* [YOUR GOAL]:
Print the whole listing exactly as it appears, but skip the pictures.

* [MATERIAL SUPPLIED]:
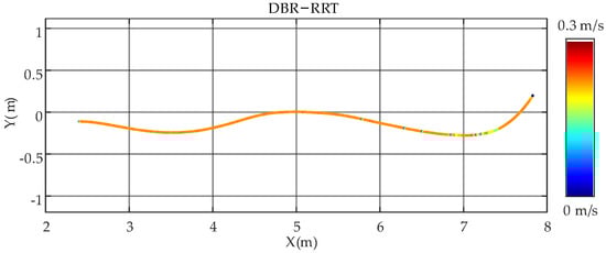 The experimental results show that the RRT-Connect algorithm takes the least amount of time among all the reference algorithms, this is due to the bidirectional search strategy adopted by the RRT-Connect algorithm, which can quickly discover effective paths from the starting point to the end point. However, its standard deviation is large, and the speed profile shown in Figure 10 is rugged, and the excessively fast search speed sacrifices some stability. In addition, the proposed DBR-RRT algorithm inherits the bidirectional search strategy of RRT-Connect, and although the average running time is slightly longer than that of the initial RRT-Connect algorithm, the speed has a smaller standard deviation and possesses the largest maximum speed, which indicates that the speed fluctuation between each run is small, and it achieves a balance between increasing the average speed and maintaining less speed fluctuations. Although the RRT algorithm needs to consider more candidate paths in the process of finding the optimal path, and thus consumes the longest time, it is clearly unnecessary to sacrifice time to find the optimal path in a simple L-shaped environment. Compared with DBR-RRT, Informed RRT* can theoretically improve the efficiency of path planning through conducting a more informed search, but in this test environment, its efficiency does not exceed that of the other algorithms, and the large fluctuations in the velocity curves shown in Figure 10. indicate that the algorithm has a large variation in the robot’s velocity when planning paths.
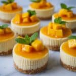 Keywords: mango cheesecake bites, no bake cheesecake, mini desserts, mango puree recipe, easy cheesecake, tropical dessert, fruit topped cheesecake
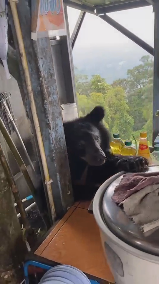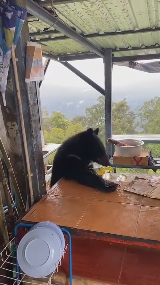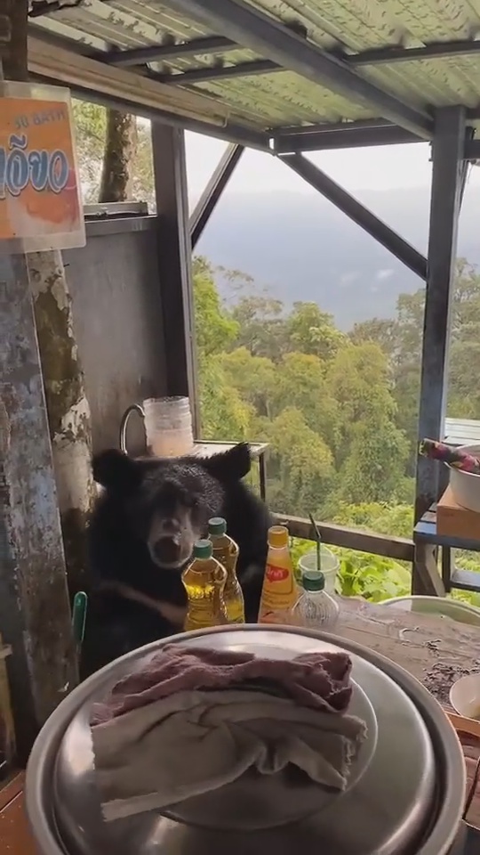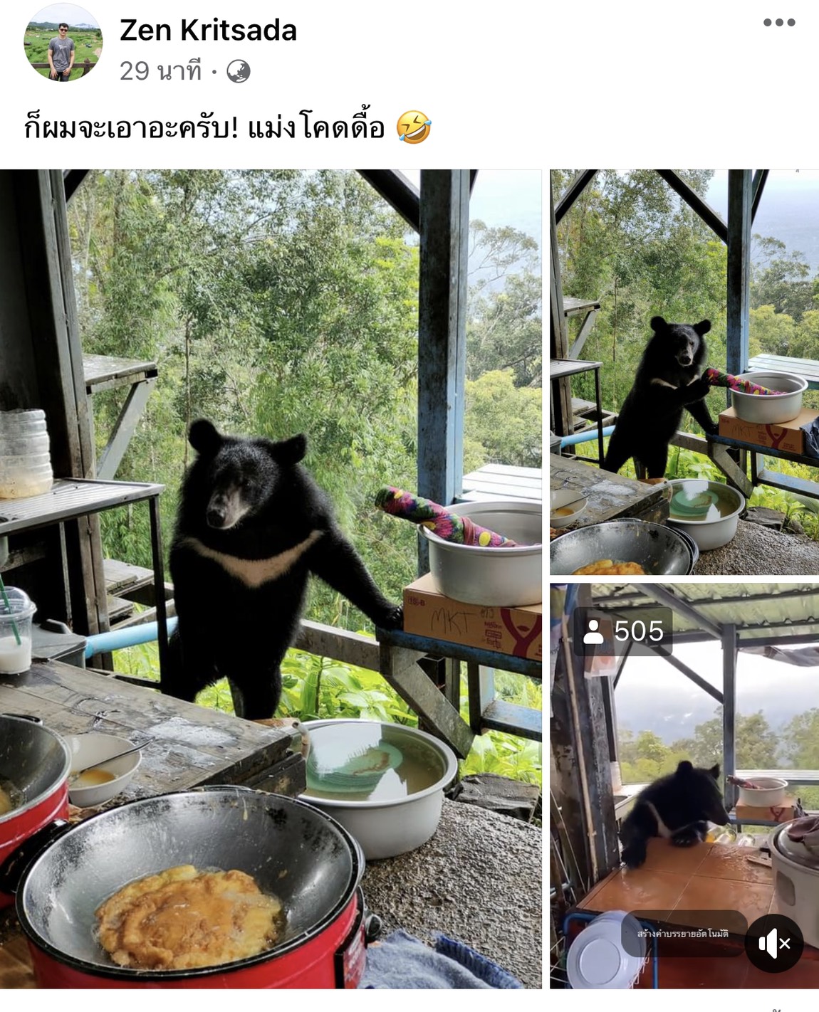 นครราชสีมา-โดยมีผู้ใช้เฟซบุ๊ก ชื่อ Zen Kritsada ได้โพสต์ภาพลงในกลุ่มเพจอุทยานแห่งชาติเขาใหญ่ พร้อมข้อความ “ก็ผมจะเอาอะครับ! แม่งโคดดื้อ” ซึ่งหลังจากโพสต์ไปไม่กี่นาที ก็มีผู้เข้ามาแสดงความคิดเห็นกันเป็นจำนวนมาก โดยภาพที่ปรากฏในคลิป เป็นภาพของหมีควายวัยรุ่นตัวหนึ่ง ใช้ความพยายามปีนต้นไม้ขึ้นมาบนร้านจำหน่ายอาหาร บริเวณจุดชมทิวทัศน์เขาเขียว ในอุทยานแห่งชาติเขาใหญ่ ต.หมูสี อ.ปากช่อง จ.นครราชสีมา ใกล้กับที่ทำการเรดาร์ของกองทัพอากาศ ขณะแม่ค้ากำลังเจียวไข่หอมฟุ้งอยู่ภายในร้าน ซึ่งหมีควายตัวดังกล่าวเดินดิ่ง 2 ขา มาที่โต๊ะทำกับข้าว พยายามหาทุกอย่างที่กินได้ จนแม่ค้าตกใจ ต้องรีบขยับหนีทั้งๆที่ไข่เจียวเสร็จแล้ว แต่ไม่สามารถตักใส่จานได้ทัน
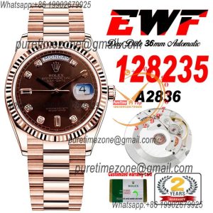 EWF DayDate 36 128348 A2836 Automatic Mens Watch RG Diamond Bezel Brown Dial President Bracelet Best Edition
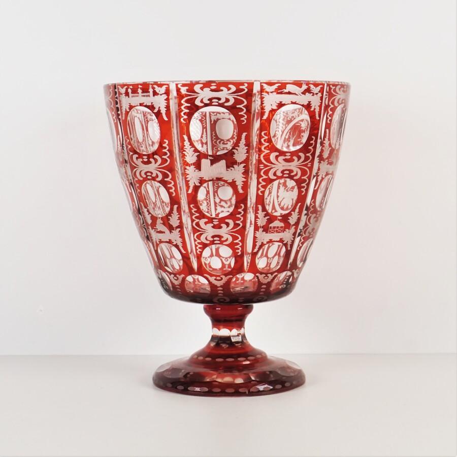 CRISTAL DE BOHEME : Grand vase sur piédouche en cristal taillé transparent et rouge à décor en léger relief d'animaux et d'un château, H. 23.5 cm, D. 19 cm (infime éclat sur la base).
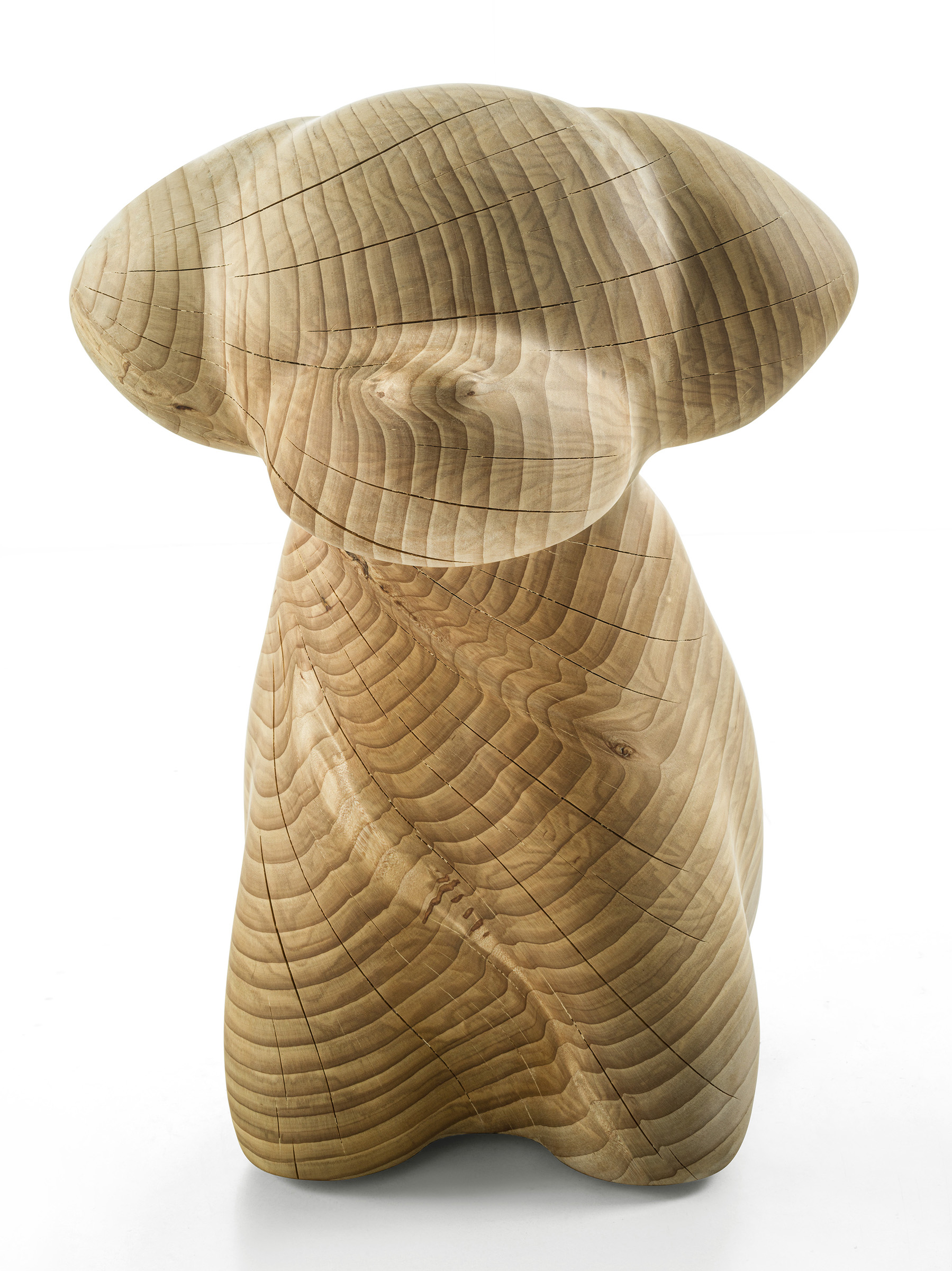 Complemento d’arredo in legno massello di cedro profumato lavorato da un blocco unico, il cui design scultoreo si ispira ad un cane di razza maltese.
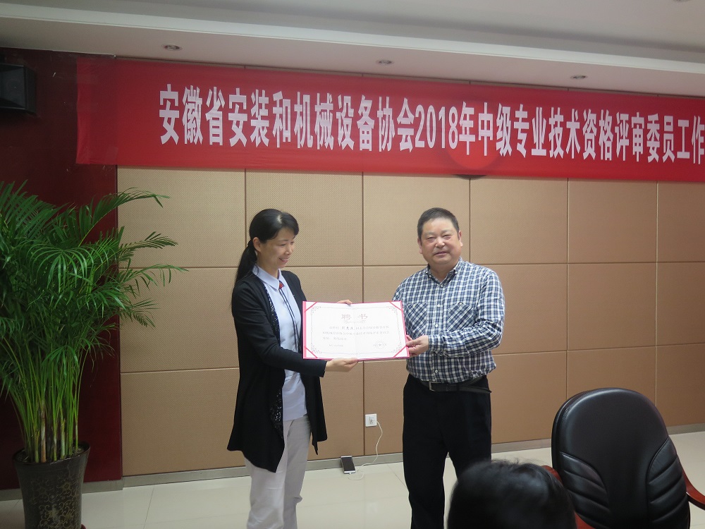 為深入學(xué)習(xí)了解職稱評審相關(guān)政策,進一步提高評委業(yè)務(wù)素質(zhì)和職稱評審質(zhì)量,協(xié)會按照評審要求,經(jīng)過前期精心準備召開了本次會議。首先李會長宣讀了省人社廳《關(guān)于同意成立機電安裝和機械設(shè)備中級專業(yè)技術(shù)資格評審委員會的函》(皖人社函〔2017〕486號),王會長依次向評委們頒發(fā)《中級專業(yè)技術(shù)資格評審委員會》委員聘書。秘書長杜慶梅宣讀省人社廳關(guān)于印發(fā)《安徽省職稱評審委員會組織管理辦法》的通知(皖人社發(fā)〔2018〕3號),現(xiàn)場組織大家學(xué)習(xí)相關(guān)規(guī)定。
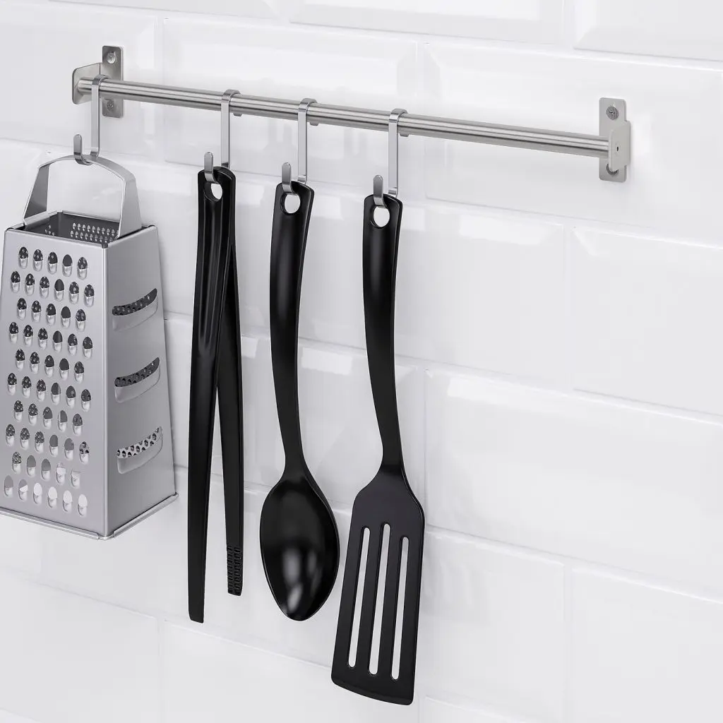 Экономит место на столе.Также можно использовать как штангу для полотенец или подставку для крышек.Вы можете освободить место на столешнице, повесив аксессуары на рейтинг.Также можно использовать в помещениях с высокой влажностью.Для разных стен требуются различные крепежные приспособления. Подберите подходящие для ваших стен шурупы, дюбели, саморезы и т. п. (не прилагаются).Если Вы не уверены, какой тип креплений использовать, обратитесь в специализированный магазин.Для крепления к стене используйте прилагающиеся консоли.Можно комбинировать с другими товарами серии КУНГСФОРС.Рекомендуется использовать только в помещении.Дизайнер

* [EXERCISE ANSWER]:
 The experimental results show that the RRT-Connect algorithm takes the least amount of time among all the reference algorithms, this is due to the bidirectional search strategy adopted by the RRT-Connect algorithm, which can quickly discover effective paths from the starting point to the end point. However, its standard deviation is large, and the speed profile shown in Figure 10 is rugged, and the excessively fast search speed sacrifices some stability. In addition, the proposed DBR-RRT algorithm inherits the bidirectional search strategy of RRT-Connect, and although the average running time is slightly longer than that of the initial RRT-Connect algorithm, the speed has a smaller standard deviation and possesses the largest maximum speed, which indicates that the speed fluctuation between each run is small, and it achieves a balance between increasing the average speed and maintaining less speed fluctuations. Although the RRT algorithm needs to consider more candidate paths in the process of finding the optimal path, and thus consumes the longest time, it is clearly unnecessary to sacrifice time to find the optimal path in a simple L-shaped environment. Compared with DBR-RRT, Informed RRT* can theoretically improve the efficiency of path planning through conducting a more informed search, but in this test environment, its efficiency does not exceed that of the other algorithms, and the large fluctuations in the velocity curves shown in Figure 10. indicate that the algorithm has a large variation in the robot’s velocity when planning paths.
 Keywords: mango cheesecake bites, no bake cheesecake, mini desserts, mango puree recipe, easy cheesecake, tropical dessert, fruit topped cheesecake
 นครราชสีมา-โดยมีผู้ใช้เฟซบุ๊ก ชื่อ Zen Kritsada ได้โพสต์ภาพลงในกลุ่มเพจอุทยานแห่งชาติเขาใหญ่ พร้อมข้อความ “ก็ผมจะเอาอะครับ! แม่งโคดดื้อ” ซึ่งหลังจากโพสต์ไปไม่กี่นาที ก็มีผู้เข้ามาแสดงความคิดเห็นกันเป็นจำนวนมาก โดยภาพที่ปรากฏในคลิป เป็นภาพของหมีควายวัยรุ่นตัวหนึ่ง ใช้ความพยายามปีนต้นไม้ขึ้นมาบนร้านจำหน่ายอาหาร บริเวณจุดชมทิวทัศน์เขาเขียว ในอุทยานแห่งชาติเขาใหญ่ ต.หมูสี อ.ปากช่อง จ.นครราชสีมา ใกล้กับที่ทำการเรดาร์ของกองทัพอากาศ ขณะแม่ค้ากำลังเจียวไข่หอมฟุ้งอยู่ภายในร้าน ซึ่งหมีควายตัวดังกล่าวเดินดิ่ง 2 ขา มาที่โต๊ะทำกับข้าว พยายามหาทุกอย่างที่กินได้ จนแม่ค้าตกใจ ต้องรีบขยับหนีทั้งๆที่ไข่เจียวเสร็จแล้ว แต่ไม่สามารถตักใส่จานได้ทัน
 EWF DayDate 36 128348 A2836 Automatic Mens Watch RG Diamond Bezel Brown Dial President Bracelet Best Edition
 CRISTAL DE BOHEME : Grand vase sur piédouche en cristal taillé transparent et rouge à décor en léger relief d'animaux et d'un château, H. 23.5 cm, D. 19 cm (infime éclat sur la base).
 Complemento d’arredo in legno massello di cedro profumato lavorato da un blocco unico, il cui design scultoreo si ispira ad un cane di razza maltese.
 為深入學(xué)習(xí)了解職稱評審相關(guān)政策,進一步提高評委業(yè)務(wù)素質(zhì)和職稱評審質(zhì)量,協(xié)會按照評審要求,經(jīng)過前期精心準備召開了本次會議。首先李會長宣讀了省人社廳《關(guān)于同意成立機電安裝和機械設(shè)備中級專業(yè)技術(shù)資格評審委員會的函》(皖人社函〔2017〕486號),王會長依次向評委們頒發(fā)《中級專業(yè)技術(shù)資格評審委員會》委員聘書。秘書長杜慶梅宣讀省人社廳關(guān)于印發(fā)《安徽省職稱評審委員會組織管理辦法》的通知(皖人社發(fā)〔2018〕3號),現(xiàn)場組織大家學(xué)習(xí)相關(guān)規(guī)定。
 Экономит место на столе.Также можно использовать как штангу для полотенец или подставку для крышек.Вы можете освободить место на столешнице, повесив аксессуары на рейтинг.Также можно использовать в помещениях с высокой влажностью.Для разных стен требуются различные крепежные приспособления. Подберите подходящие для ваших стен шурупы, дюбели, саморезы и т. п. (не прилагаются).Если Вы не уверены, какой тип креплений использовать, обратитесь в специализированный магазин.Для крепления к стене используйте прилагающиеся консоли.Можно комбинировать с другими товарами серии КУНГСФОРС.Рекомендуется использовать только в помещении.Дизайнер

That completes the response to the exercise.